Osisko Gold, Barolo expect to close RTO Nov. 25

2020-11-23 17:29 ET - News Release

Also News Release (C-BVC) Barolo Ventures Corp

Mr. Sandeep Singh of Osisko Gold reports

OSISKO GOLD ROYALTIES LTD AND BAROLO VENTURES CORP. PROVIDE TRANSACTION UPDATES ON PREVIOUSLY-ANNOUNCED SPIN-OUT TRANSACTION

Osisko Gold Royalties Ltd. and Barolo Ventures Corp. have provided certain updates relating to their previously announced spinout transaction, further to their joint news releases dated Oct. 5, 2020, Oct. 28, 2020, and Oct. 29, 2020, which will result in a reverse takeover of Barolo (RTO) under the policies of the TSX Venture Exchange. In this news release, references to the resulting issuer or Osisko Development are to Barolo after the closing of the RTO.

Conditional approval of the exchange

On Nov. 12, 2020, Barolo received conditional approval of the TSX-V to: (i) list additional common shares of Barolo pursuant to the RTO, (ii) consolidate the Barolo shares on the basis of one postconsolidation Barolo share for each 60 preconsolidation Barolo shares, and (iii) change the name of the resulting issuer to Osisko Development Corp. Final approval of the TSX-V is subject to Barolo (or the resulting issuer) meeting certain conditions required by the TSX-V. Upon receipt of the final approval of the TSX-V, the resulting issuer's shares will commence trading on the TSX-V under the symbol ODV, which is expected to occur on or about Dec. 2, 2020.

Approval of corporate matters by Barolo shareholders

On Nov. 20, 2020, Barolo held its annual general and special meeting of shareholders.

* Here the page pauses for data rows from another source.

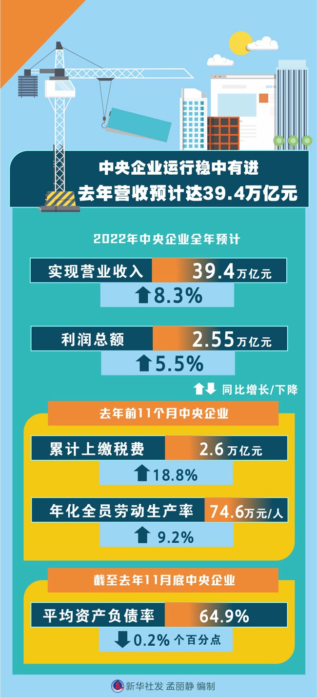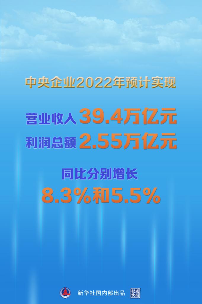 新華社北京1月5日電(記者王希)2022年,國資央企統(tǒng)籌疫情防控和企業(yè)生產(chǎn)經(jīng)營,統(tǒng)籌發(fā)展和安全,推動經(jīng)濟運行實現(xiàn)穩(wěn)中有進,中央企業(yè)全年預計實現(xiàn)營業(yè)收入39.4萬億元、利潤總額2.55萬億元,同比分別增長8.3%和5.5%。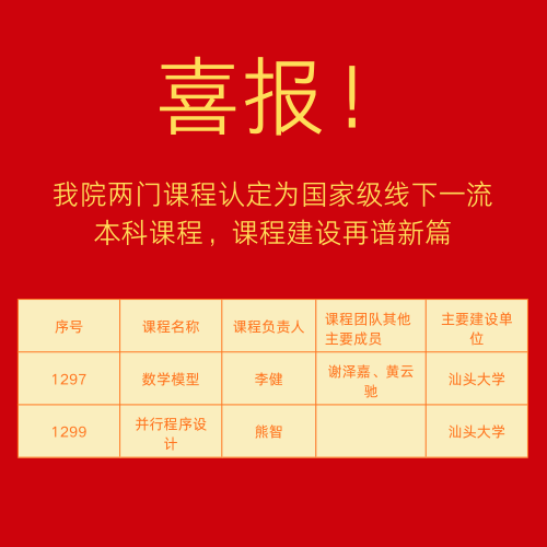 近年来,数学与计算机学院始终将课程建设作为育人核心抓手,全面推动教师深耕课程理念、内容与模式创新,牢牢守住课堂育人主阵地,着力提升教学质量,构建起多层次、全覆盖的一流课程建设格局。截至目前,学院已累计拥有 3 门国家级一流本科课程、5 门省级一流本科课程、9 门校级一流本科课程,课程建设成果丰硕。在课程思政建设领域,学院同样成效显著:6 门本科课程获评广东省课程思政示范课程,1 个团队获评省级课程思政示范团队,实现了专业建设与思政育人的深度融合、双向赋能,为培养德才兼备的高素质人才筑牢思想根基。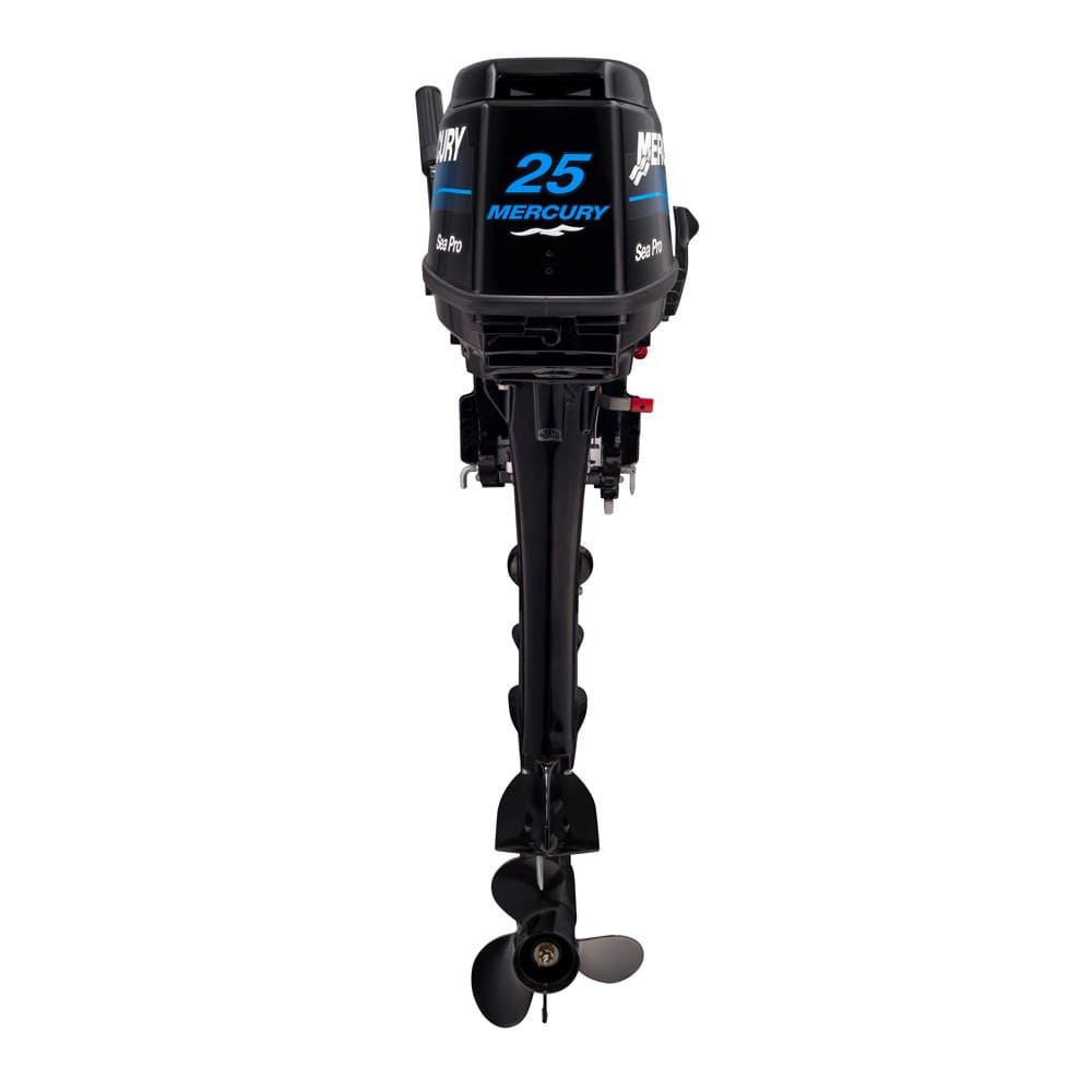 Мотор серии Sea Pro — выносливый, мощный и неприхотливый. Фактически мотор Меркури 25 Sea Pro, аналог мотора Меркури 30, дефорсирован путем установки прокладки в карбюраторе. Смысл дефорсирования — работа мотора на максимальных оборотах становится намного экономичнее в плане топлива и существенно увеличивается ресурс мотора. Его можно использовать как для повседневной жизни — отдыха, рыбалки, так и в коммерческом использовании, в тяжелых условиях работы. Mercury 25 Sea Pro имеет классическую систему управления — газ на румпеле, переключение передач на корпусе мотора. Он легко переделывается в дистанционный вариант и имеет в дополнительном оборудовании возможность установить выпрямитель и запитать бортовую систему лодки или катера от работающего двигателя.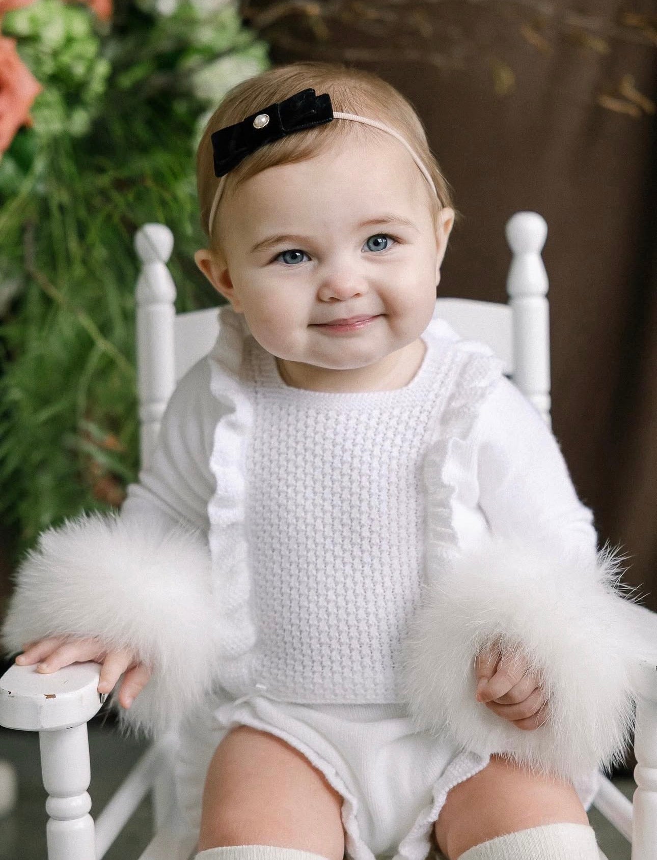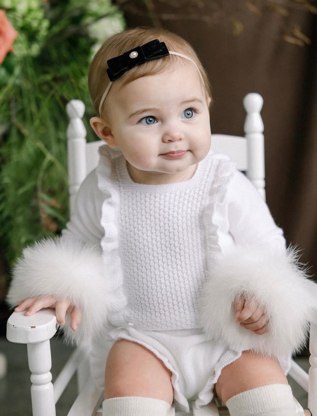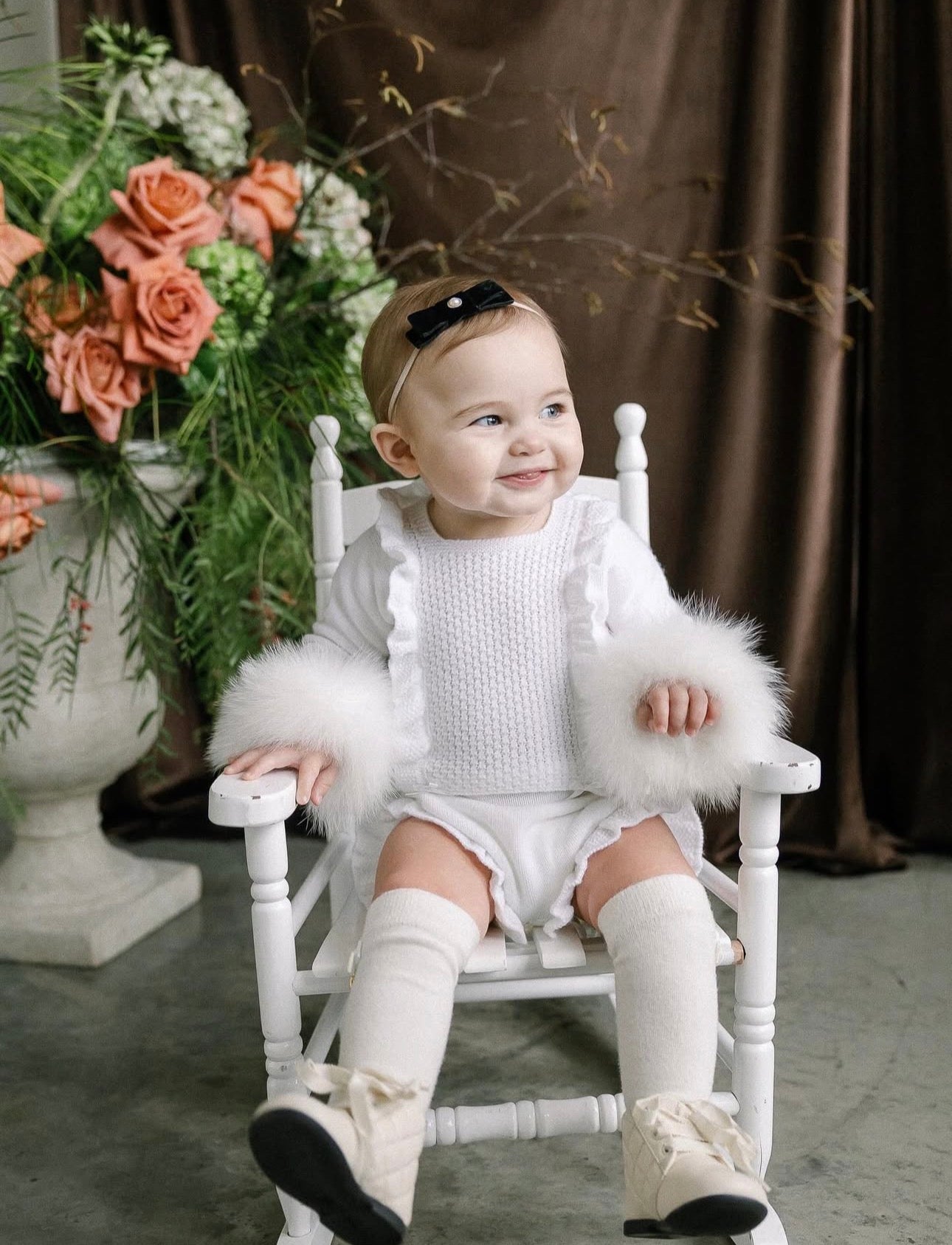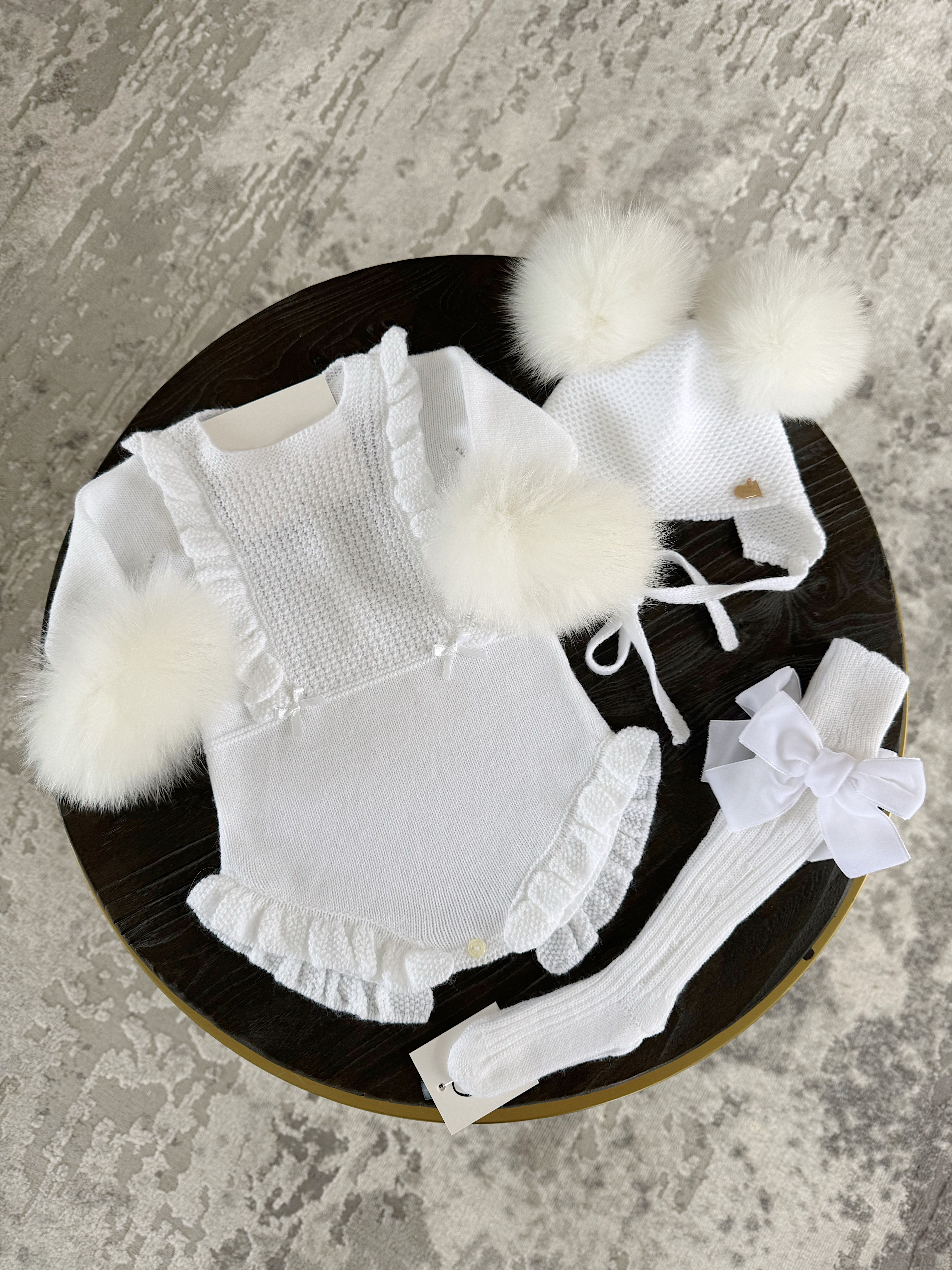 White/Ivory Knitted Romper with fox fur trim on the sleeves

A total of 12,378,373 preconsolidation Barolo shares were present in person or represented by proxy at the Barolo meeting, representing approximately 88.4 per cent of the issued and outstanding preconsolidation Barolo shares.

Prior to the Barolo meeting, certain supporting Barolo shareholders, representing an aggregate of 12 million preconsolidation Barolo shares (or approximately 86 per cent of the outstanding Barolo shares), entered into voting support agreements with Osisko Royalties in support of the RTO and agreed to vote such Barolo shares in favour of the matters considered at the Barolo meeting.

The principal purpose of the Barolo meeting was to authorize and approve various corporate matters relevant to the resulting issuer, including:

  • The continuance of the resulting issuer from under the laws of Province of British Columbia under the Business Corporations Act (British Columbia) to the laws of Canada under the Canada Business Corporations Act and the name change;
  • Setting the number of directors at three prior to the RTO and at seven upon the closing of the RTO;
  • The appointment of Scott Ackerman, Rick Cox and Brent Ackerman as directors of Barolo to hold office until the closing of the RTO, and the appointment of Charles Page, Duncan Middlemiss, Eric Tremblay, Joanne Ferstman, John Burzynski, Michele McCarthy and Sean Roosen as directors of the resulting issuer upon the closing of the RTO;
  • The adoption of the stock option plan, restricted share unit plan, deferred share unit plan and employee share purchase plan of the resulting issuer upon the closing of the RTO;
  • The appointment of Davidson & Company LLP as auditor of Barolo and, following the closing of the RTO, the appointment of PricewaterhouseCoopers LLP as auditor of the resulting issuer.

Each of the above matters was approved by 100 per cent of the Barolo shareholders who voted at the Barolo meeting.

In addition, the requisite number of Barolo shareholders approved the consolidation by way of a written resolution on Oct. 27, 2020.

Other transaction updates

Earlier today, the name change and consolidation were completed, and the Form 3D2 (Information Required in a Filing Statement for a Reverse Takeover or Change of Business) of Barolo dated Nov. 20, 2020, was filed on SEDAR. Please refer to the filing statement for full particulars of the RTO, which is available on SEDAR under the issuer profile of Osisko Development Corp. (formerly Barolo Ventures Corp.).

Having received conditional approval of the TSX-V of the RTO, approval of the Barolo shareholders of the matters described above, and with the implementation of the name change and consolidation now complete, the RTO is expected to close on or about Nov. 25, 2020, and the resulting issuer's shares are expected to commence trading on the TSX-V under the symbol ODV on or about Dec. 2, 2020.

About Osisko Gold Royalties Ltd.

Osisko Royalties is an intermediate precious-metal royalty company focused on the Americas that commenced activities in June, 2014. Osisko Royalties holds a North American-focused portfolio of over 135 royalties, streams and precious-metal offtakes. Osisko Royalties' portfolio is anchored by its cornerstone asset, a 5-per-cent net smelter return royalty on the Canadian Malartic mine, which is the largest gold mine in Canada.

Osisko Royalties' head office is located at 1100 Avenue des Canadiens-de Montreal, Suite 300, Montreal, Que., Canada, H3B 2S2.

About Barolo Ventures Corp.

Barolo is a public company organized under the laws of the Province of British Columbia, the shares of which are listed for trading on the NEX. Barolo was previously engaged in the acquisition, exploration and development of mineral properties in Canada and the United States, but currently does not have an active business and is investigating new business opportunities.

Barolo's head office is located at 609 Granville St., Suite 1600, Vancouver, B.C., Canada, V7Y 1C3.